During spermiogenesis, nucleosome-based DNA packaging is replaced by
protamine toroids to generate the highly compacted nucleus of the mature
sperm of many species including human, mouse and bovine; however, the
sperm from these species also retain some nucleosomes. It has been
suggested that the histones of sperm nucleosomes may play important roles in
embryo development. In the fruit-fly, Drosophila melanogaster it had been
thought that nucleosomes and their component histones are completely
replaced by protamine, and that no residual histones are retained.
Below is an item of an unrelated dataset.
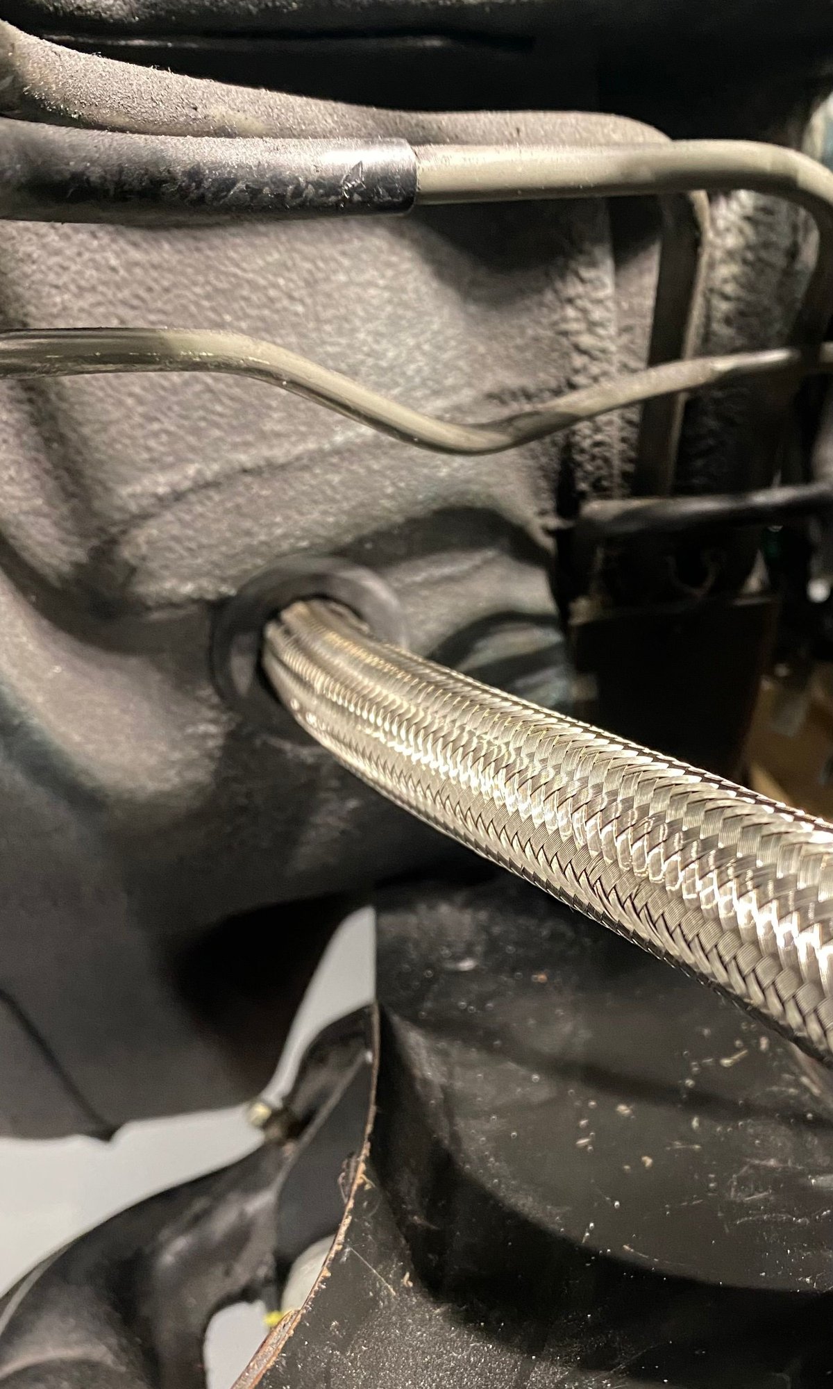 Figuring braided SS line would run forward through footwell and firewall. This necessitated a 1 1/8" hole through 2 layers of sheet metal. The metal is stupid thin and easy to drill w a sharp hole saw. Really a case of measure 15 times, drill once. If I did it again, I would have gone about 1 inch lower, but have to avoid cradle mount bolts and ABS lines as well as fuel lines.

In this study,
three experimental models, (Drosophila melanogaster, Mus musculus and Bos
taurus) were used to investigate i) the presence of histone protein and/or its
modifications in mature sperm, ii) paternal DNA packaging by histone, and iii)
the possible epigenetic roles of sperm histones in embryogenesis.
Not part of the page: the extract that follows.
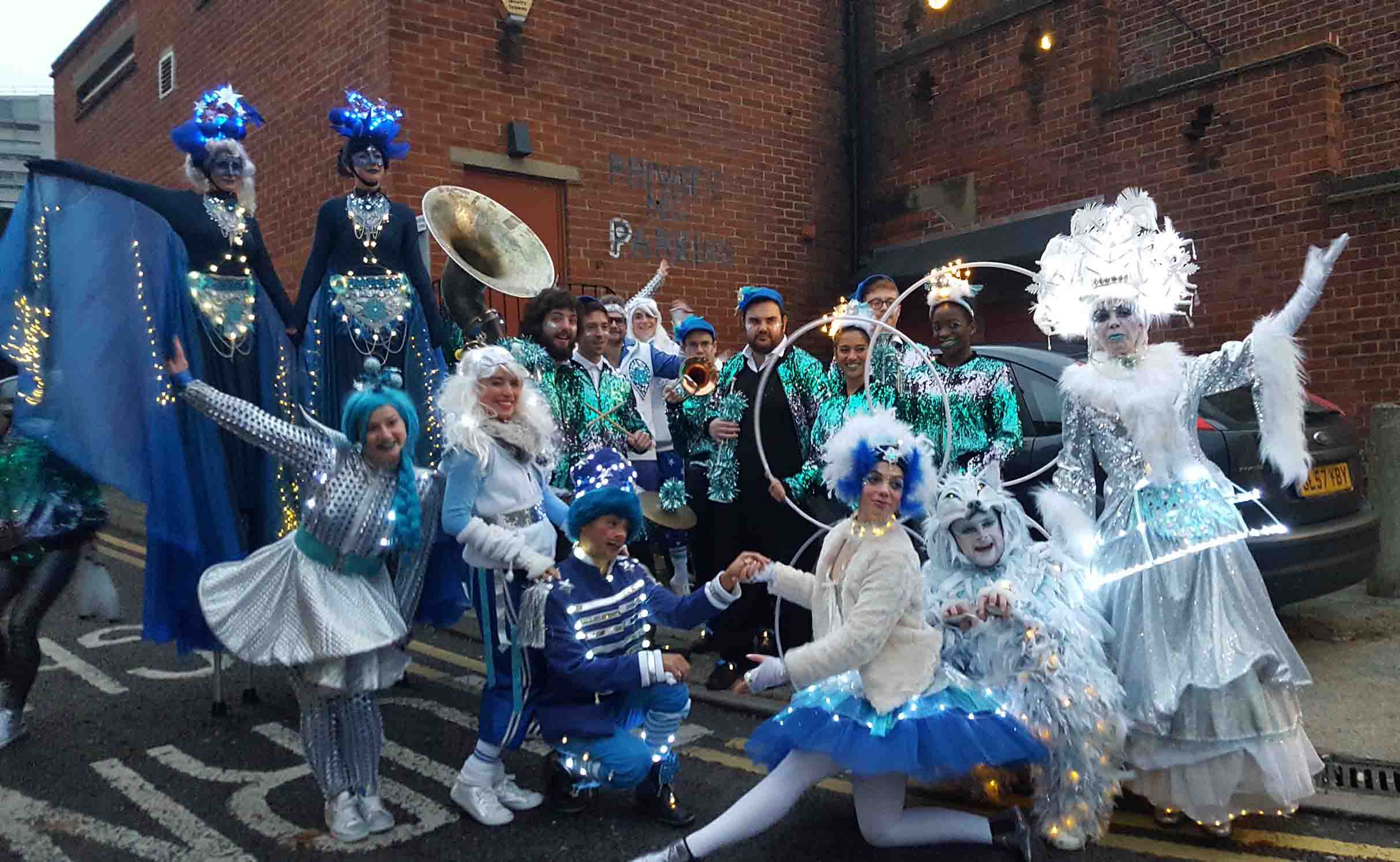 Profesionales y entusiastas, vienen completamente equipados para ofrecer tanto actuaciones interactivas deambulantes como espectáculos de escenario a gran escala.

In this study, the presence of all the canonical histones of nucleosomal
chromatin (H2A, H2B, H3 and H4) was confirmed in the mature sperm of
Drosophila melanogaster by microscopic, biochemical and immunoprecipitation
analysis. Evidence is also provided for the presence of post-translational
modifications (acetylation and methylation) of the histones from fly, bovine and
murine sperm. The molecular landscape of histones and histone modification
(H3K27me3, H3K36me3 and H3K9me3) was investigated using ChiP-chip on a
Drosophila-based, 2.4 million probe whole genome tiling array. Data analysis
revealed that histones (and by extension, nucleosomes) are preferentially
positioned within exons rather than introns and that they also mark intron/exon
boundaries and gene promoters. However, nucleosomes are depleted
upstream of Transcription Start Sites (TSS). Sperm chromatin also contains
modified histones associated with gene regulation including repressive
(H3K9me3, H3K27me3) and permissive (H3K36me3) marks.
Gene ontology analysis showed that the H3K27me3 and H3K36me3 are
associated with gene sequences carrying distinctive embryological
developmental process terms. Moreover, the in silico analysis indicated that the
early zygote expresses genes are marked by H3K36me3 in sperm chromatin,
while the late zygote expresses genes that are marked by H3K9me3 instead.
The same sequences are depleted of the H3K36me3 modification in sperm
chromatin. These data suggest that modified sperm histones might play
epigenetic roles in post fertilisation events such as formation and functioning of
the male pronucleus and in early and late embryo development.